Background: The study was aimed to explore the antioxidant potential and functional value of guava (Psidium guajava L.) powder, bael (Aegle marmelos L.) pulp powder and dragon fruit (Hylocereus undatus L.) peel powder in muscle foods. Methods: The fruit powders were incorporated at 1.5% level in Chevon nuggets and its effects on various physico-chemical, textural, sensory attributes and microbiological parameters of products were evaluated against control. Result: Significantly (P less than 0.05) higher phenolics was found in bael pulp powder (82.32 mg GAE/g) and carotenoids (3.91 mg/kg) and Vitamin C (162 mg/kg) in guava powder. Incorporation of fruit powder significantly (P less than 0.05) increased the emulsion stability, cooking yield, moisture percentage and fat percentage of nuggets, whereas no significant effect was observed for protein percentage. Even sensory attributes were improved in treated nuggets, but the overall acceptability scores were significantly (P less than 0.05) higher for the control batch as adjudged by the panelists. The fruit powders were found to retard lipid peroxidation rate as well as microbial proliferation rate of the Chevon nuggets during refrigerated storage (4±1°C). When compared to the control batch addition of fruit powders had a significant (P less than 0.05) reduction on both the thiobarbituric acid (TBA) value and TPC, TCC, TPSC and YMC. Hence fruit powders can be potentially used as natural preservatives and their functionality can be explored in ready to eat meat foods without affecting their acceptability.
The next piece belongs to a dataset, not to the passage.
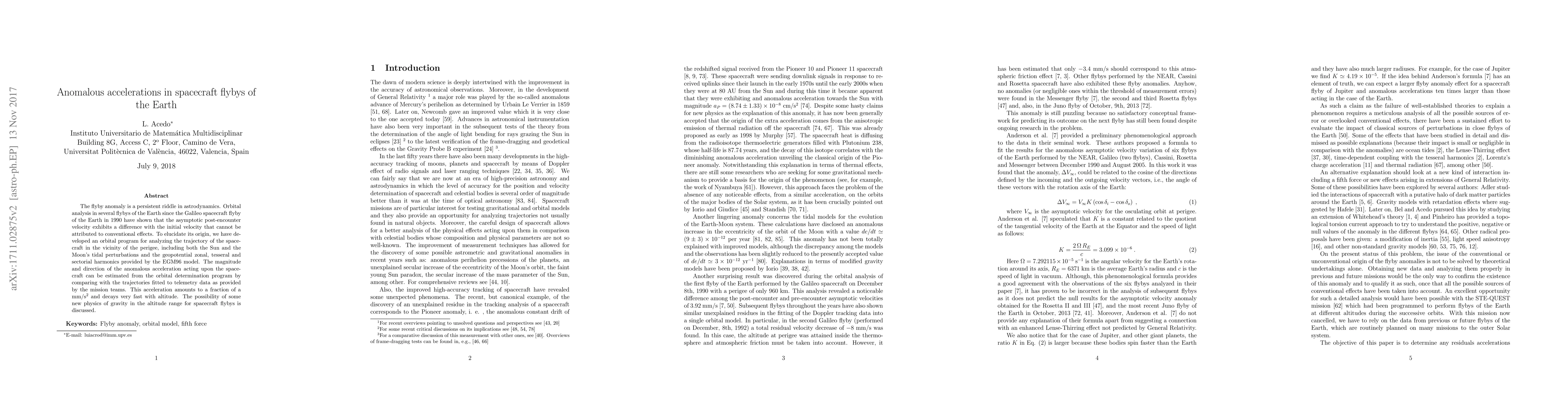 The flyby anomaly, an unexplained discrepancy in spacecraft velocities during Earth flybys, has been analyzed using an advanced orbital program incorporating solar and lunar perturbations and geopotential harmonics. The anomalous acceleration detected is a small fraction of mm/s², prompting discussions on potential new gravitational physics.
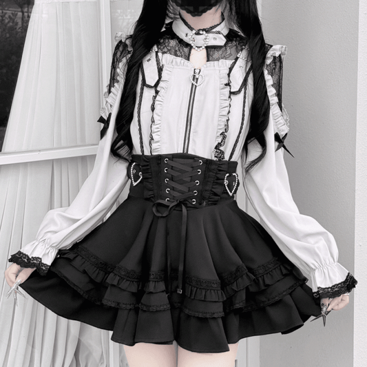 White - Shorts Gothic Black Landmine in Sailor Sleeve Lace-Threaded Bell Set Top Matching Style

果基植物化学物质对雪旺块品质属性和保质期的抗氧化潜力
背景:本研究旨在探讨番石榴(Psidium guajava L.)粉、马麦(Aegle marmelos L.)果肉粉和火龙果(Hylocereus undatus L.)果皮粉在肌肉类食品中的抗氧化潜力和功能价值。方法:将1.5%的果粉掺入雪旺鸡块中,对照评价其对产品各种物理化学、质地、感官特性和微生物参数的影响。结果:鱼腥草果肉粉中酚类物质含量(82.32mg GAE/g)、类胡萝卜素含量(3.91mg/kg)和维生素C含量(162mg/kg)显著高于(P<0.05)。果粉的掺入显著提高了果块的乳化稳定性、蒸煮产率、水分百分比和脂肪百分比,而蛋白质百分比没有显著影响。经过处理的金块的感官属性也得到了改善,但根据小组成员的判断,对照批次的总体可接受性得分显著较高(P<0.05)。研究发现,在冷藏(4±1°C)过程中,果粉可以延缓雪旺金块的脂质过氧化速率和微生物增殖速率。与对照批次相比,添加水果粉对硫代巴比妥酸(TBA)值和TPC、TCC、TPSC和YMC均有显著降低(P<0.05)。因此,果粉可以作为天然防腐剂使用,并且可以在不影响其可接受性的情况下,在即食肉类食品中探索其功能。
本文章由计算机程序翻译,如有差异,请以英文原文为准。